Dieter <[log in to unmask]>

Reply-To:

A group for the academic discussion of current issues in podiatry <[log in to unmask]>

Date:

Tue, 12 Oct 2004 16:23:25 +0100

Content-Type:

text/plain

Parts/Attachments:

Parts/Attachments

text/plain (111 lines)

Reply

Reply

Joel,


Thanks for our comments - I will (once again) relay this information. The
information I have about it suggests the Buchbinder trials looked at low
intensity ESWT focusing on patients with heel pain of 6 months or less.

The American Podiatrists, I am in communication with, use high intensity
ESWT on chronic heel pain cases i.e. 6 months or more.This is comparing
apples and oranges.

My guess is the correspondents do have a vested interest. They may have
invested in expensive equipment to provide this treatment. But also they
have many years experience of treating patients with ESWT, and relate good
outcomes. So they have a vested interest in getting patients better. Also,
it should be added doctors are buying this equipment in the full knowledge
that insurance companies will not cover payment for the treatments.

But, at the risk of overstating the point, the US Issurance companies
decline payments on ALL ESWT quoting the Buchbinder study. So the
criticisms are aimed at the Insurance companies, more than Buchbinder. US
patients already pay HUGE health insurance premiums, so, when the insurance
companies decline the treatment, patients are rail roaded into accepting
surgery. This is in spite of the recommendation of their foot doctor.

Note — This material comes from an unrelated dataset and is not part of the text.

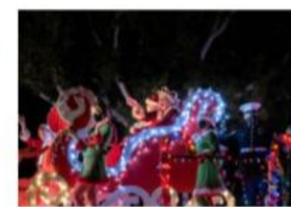
SAVE THE DATE: UPPER KEYS 2021 HOLIDAY EVENTS

I have read here the doctors should beable determine the treatment for
their patients. Unfortunately, increasingly doctors in hte US are
disempowered in that respect. This is "managed health care" designed to
help reduce insurance premiums. You can guess it is not very popular with
doctos and the patients, who get caught in the middle.

Regarding surgery. Whilst I am also not aware of RCT there are certainly
studies, boh cadaveric and follow-up studies, drawing attention to the
harmful effects of severing the fascia leading to a loss of support to the
foot structure resulting in lateral column syndrome.

A lack of evidence from RCT's vindicating (or otherwise) surgical
intervention cannot be used as an arguement in favour of surgery.

I am led to believe there are other studies about to be published
vindicating the contribution of high intensity ESWT in managing chronic
heel pain.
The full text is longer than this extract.